Minister of Interior
- In office 28 October 2012 – 22 May 2014
- Prime Minister: Yingluck Shinawatra
- Preceded by: Yongyuth Wichaidit
- Succeeded by: Anupong Paochinda

Minister of Transport
- In office 18 January 2012 – 28 October 2012
- Prime Minister: Yingluck Shinawatra
- Preceded by: Sukampol Suwannathat
- Succeeded by: Chadchart Sittipunt

Leader of the Pheu Thai Party
- In office 30 October 2012 – 16 June 2014
- Preceded by: Yongyuth Wichaidit
- Succeeded by: Viroj Pao-in

Personal details
- Born: August 15, 1946 (age 79) Bangkok, Siam
- Party: Pheu Thai Party
- Spouse: Suphadtra Ruangsuwan
- Alma mater: Thammasat University; Chulalongkorn University;
- Profession: Politician

Military service
- Allegiance: Thailand
- Branch/service: Volunteer Defense Corps
- Rank: VDC Gen. (Honour rank)

= Charupong Ruangsuwan =

Thai civil servant and politician

Charupong Ruangsuwan (จารุพงศ์ เรืองสุวรรณ, , first name also transcribed as 'Jarupong'; born 15 August 1946) is a Thai civil servant and politician. Since October 2012 he has been the chairman of the Pheu Thai Party. From January to October 2012, he was the Minister of Transport and Communication, from October 2012 until the military coup d'état in May 2014 the Minister of Interior of Thailand.

==Personal life==
Charupong's father was the politician Charubutr Ruangsuwan, who served as President of the National Assembly in the 1980s and Member of Parliament representing Khon Kaen Province for six terms (he was also a Seri Thai fighter during World War II, and a scholar of Isan, i.e. Northeastern Thai, culture).

==Education==
Charupong has graduated from Amnuay Silpa School, and holds a Bachelor of Law from Thammasat University and a Master of Public Administration from Chulalongkorn University. Moreover, he completed a course at the National Defence College of Thailand.

==Career==
He became an officer of the Department of Provincial Administration, serving as Chief district officer of several districts (amphoe) in Northeastern and Central Thailand. He later changed to the Bangkok Metropolitan Administration (BMA), successively serving as director of Bang Khen district, deputy director of the cleansing department, assistant to the permanent secretary for the BMA, director of the community development department, director of the education department, and deputy permanent secretary for the BMA. In 2002, he returned to the state administration, successively serving as deputy permanent secretary in the Ministry of Social Development and Human Security, permanent secretary in the Ministry of Labour, and permanent secretary in the Ministry of Justice. Coevally, he was the Chairman of the Board of Directors of Bangkok Mass Transit Authority starting from 2003. From 2006 to 2010, he was the rector of Southeast Asia University.

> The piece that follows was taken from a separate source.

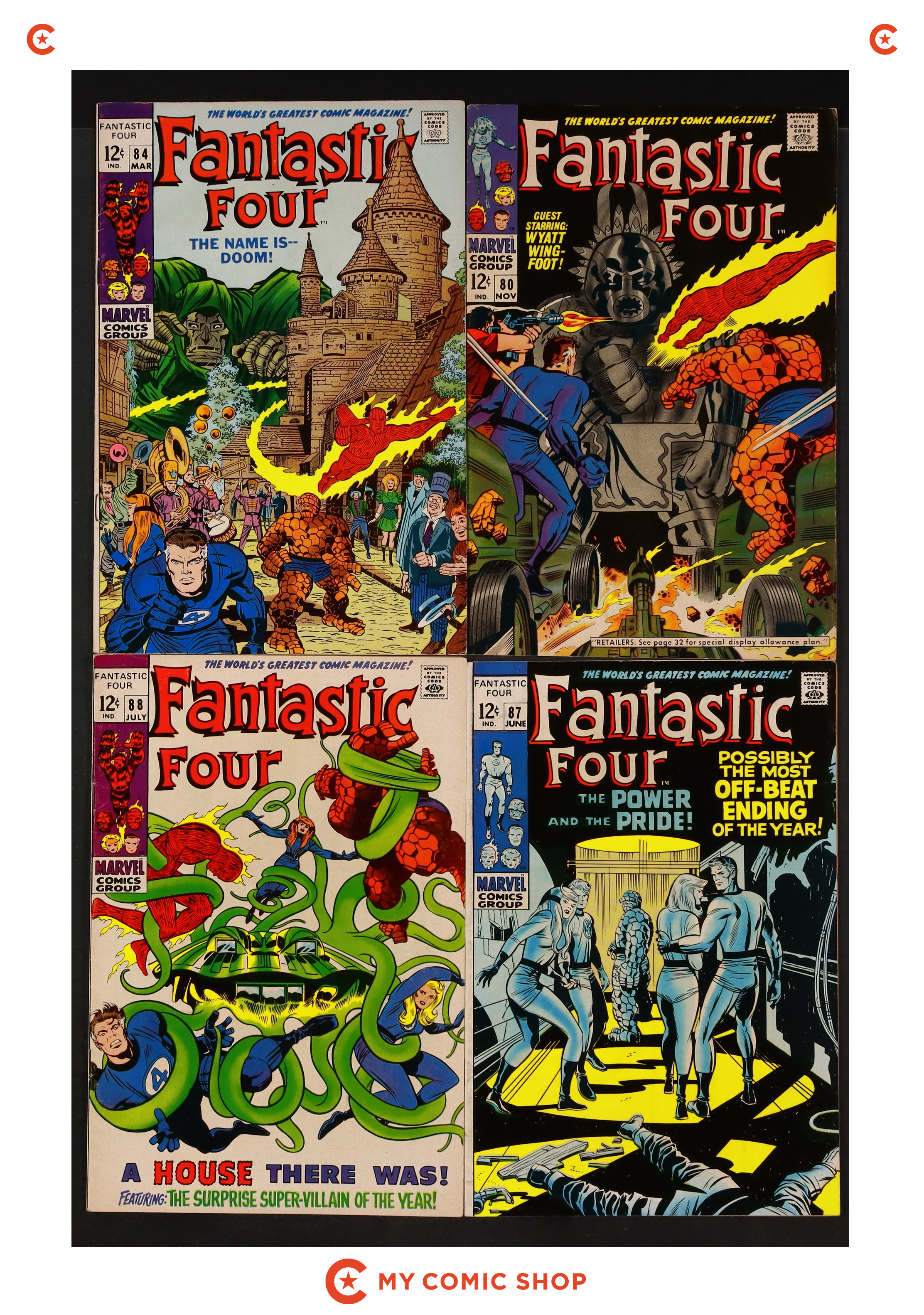 Issues 80, 84, 87, 88 of Fantastic Four (1961 1st Series). Most will grade in the VG to FN range.

Charupong was a member of the People's Power Party, and after its dissolution by the Constitutional Court in 2008 became a member of Pheu Thai Party. In May 2011, the party chose him as secretary-general. Two months later, Pheu Thai won the general election. After Prime Minister Yingluck Shinawatra's first cabinet reshuffle, Charupong was appointed Minister of Transport and Communication. When Pheu Thai Party chairman and Minister of Interior Yongyuth Wichaidit had to resign over a corruption scandal in September 2012, Charupong succeeded him in both positions. The government, that acted only in caretaker capacity after dissolving the House of Representatives in December 2013, was toppled by a military coup on 22 May 2014. The junta ordered all cabinet members to report to their headquarters, but unlike other politicians Charupong refused to turn himself in. He claims to have taken shelter at an unspecified place in Northeastern Thailand. As a consequence, the National Council for Peace and Order blocked his bank accounts and assets.

On 24 June 2014, Charupong announced the formation of the Organisation of Free Thais for Human Rights and Democracy (OFHD), seeking to restore Thai popular sovereignty in the face of the 2014 Thai coup d'état. The date chosen is the 82nd anniversary of the Siamese Revolution of 1932. The organisation's name recalls the Thai underground resistance movement against Imperial Japan during World War II known as the Free Thai Movement (เสรีไทย, Seri Thai).

On 24 June 2015, Charupong, acting as Secretary-General of OFHD, in a video uploaded on YouTube warned Thais of the risk Thailand turning into a failed state and detailed three goals of OFHD: (1) abolition of the Privy Council, (2) depoliticization/democratization/normalization of the Thai Army, and (3) depoliticization of the Thai judiciary.